Intended Parents will acquire legal status by obtaining a Parental Order. This is the Order that must be made for children born through surrogacy to confer legal parenthood status on the Intended Parents, and extinguish the Surrogate’s parental rights.

The criteria for making a parental order is set out in s.54 HFEA 2008.

What happens when a person changes gender during an originally heterosexual marriage?
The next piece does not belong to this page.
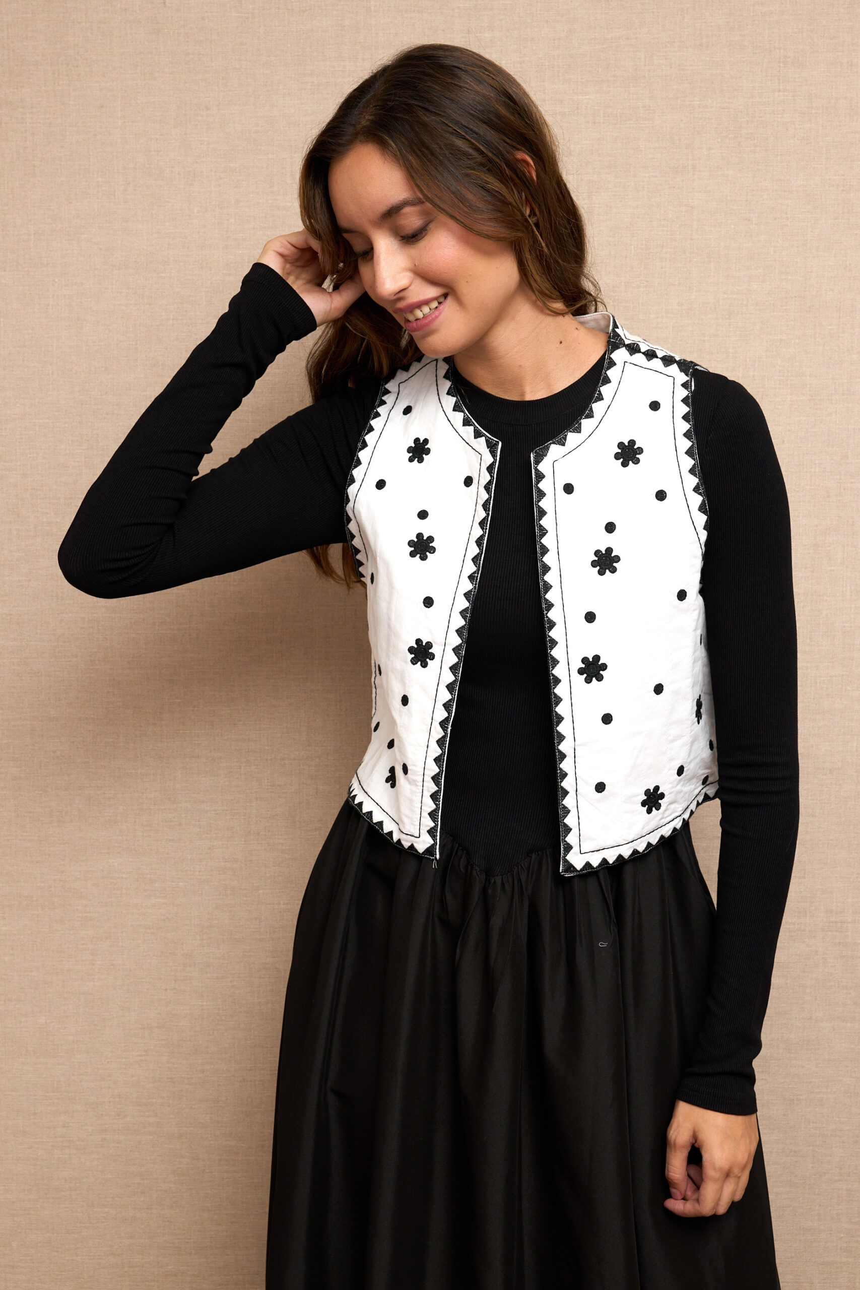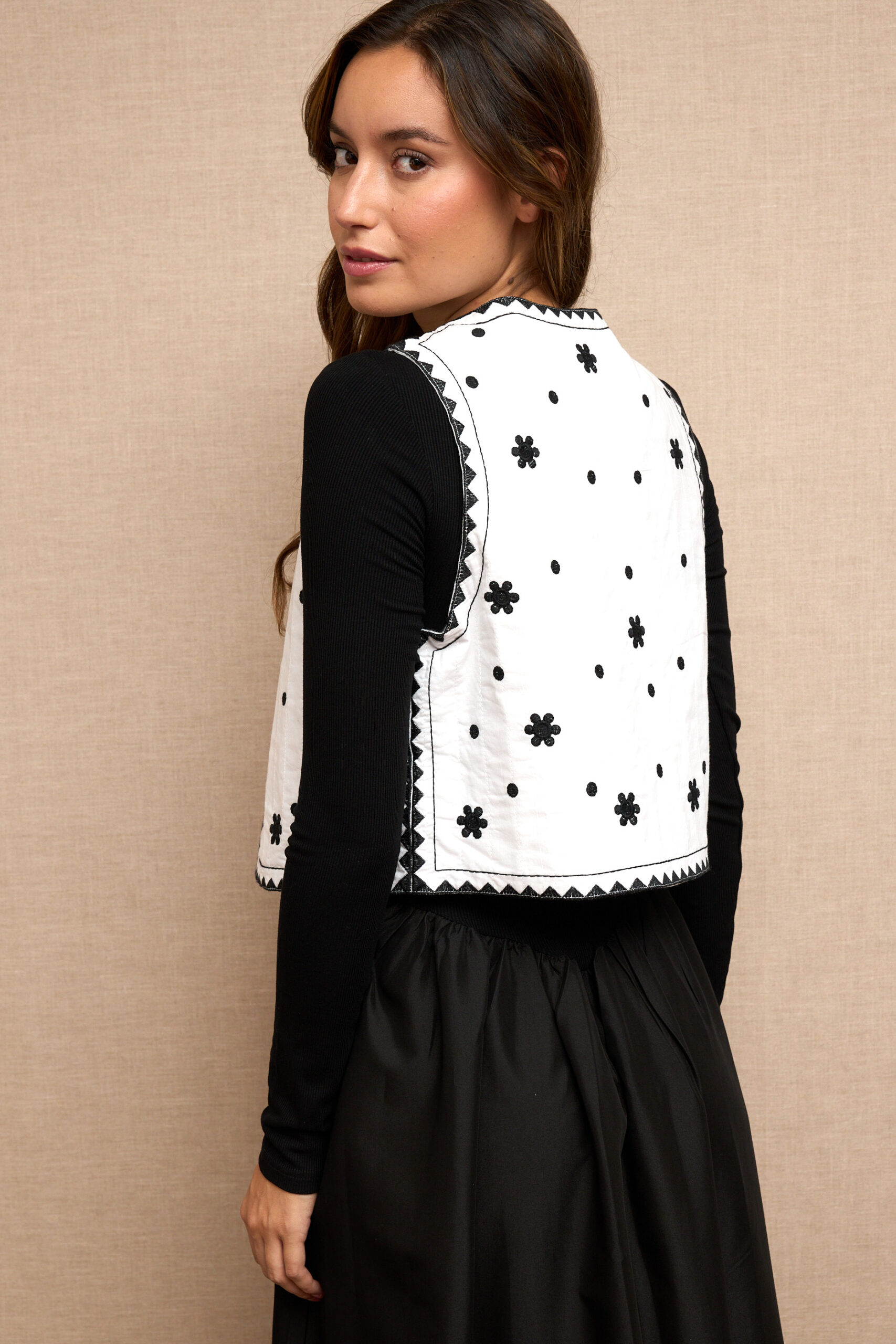 Chaleco Blanco Flores Bordadas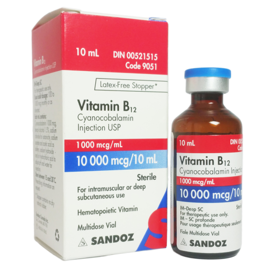Vitamin B12 (cyanocobalamin) is an essential cobalamin delivered by intramuscular injection for direct absorption bypassing the digestive system. This Pharmacy Grade vial contains 10,000 mcg in 10 mL (1,000 mcg/mL), manufactured by Sandoz/Teva. You buy injectable B12 in Canada when you want pharmaceutical-grade energy and recovery support that actually reaches your bloodstream.

If a person wants to change their gender after marriage, be they in a same-sex or opposite-sex marriage, their legal rights as a spouse are not affected. If, however, the relationship subsequently breaks down irretrievably, it may be possible to end the marriage by an annulment, and not just a divorce.

The Gender Recognition Act 2022 amended the basis upon which a marriage could be voidable to add the ground of an Interim Gender Recognition Certificate being issued to either party, subsequent to the date of the marriage. A ‘voidable’ marriage is one that will be treated as having existed up to the time when the Decree of Nullity is made by the Court. The application for Nullity in such cases, however, must be pursued within six months from the date of the issue of the Interim Gender Recognition Certificate.

In the circumstances, where a voidable marriage is annulled, it would still be possible for either party to pursue a financial settlement by way of a Financial Remedy Order, and a Child Arrangements Order regarding the children of the family, the same way it would have been done in the event on a Divorce.

What cohabitation rights do same-sex couples have?

If the parties cohabit rather than get married or entering into a civil partnership, be they in a same-sex or opposite-sex relationship, they will have:

  • No automatic rights to their partner’s property in the event of their death.
  • No automatic entitlement to inherit their estate, even if they have children.
  • No tax reliefs or exemptions that spouses and civil partners enjoy, including pensions.

As the parties were never married or in a civil partnership, the law governing a financial dispute following a separation will be the Trust of Land & Appointment of Trustees Act 1996, commonly known as TOLATA.

The ‘starting point’ in determining the parties’ respective assets would be the current legal ownership.  The burden of proof in all cases rests with the party who is not the legal owner. Where property is purchased in the sole name of one of the cohabitants and there is no express declaration of trust, a Claimant must necessarily adduce convincing evidence to establish that they have some beneficial interest in the property.

It is advised to obtain a Cohabitation Agreement which can provide more security with regards to property, assets, pensions and debts.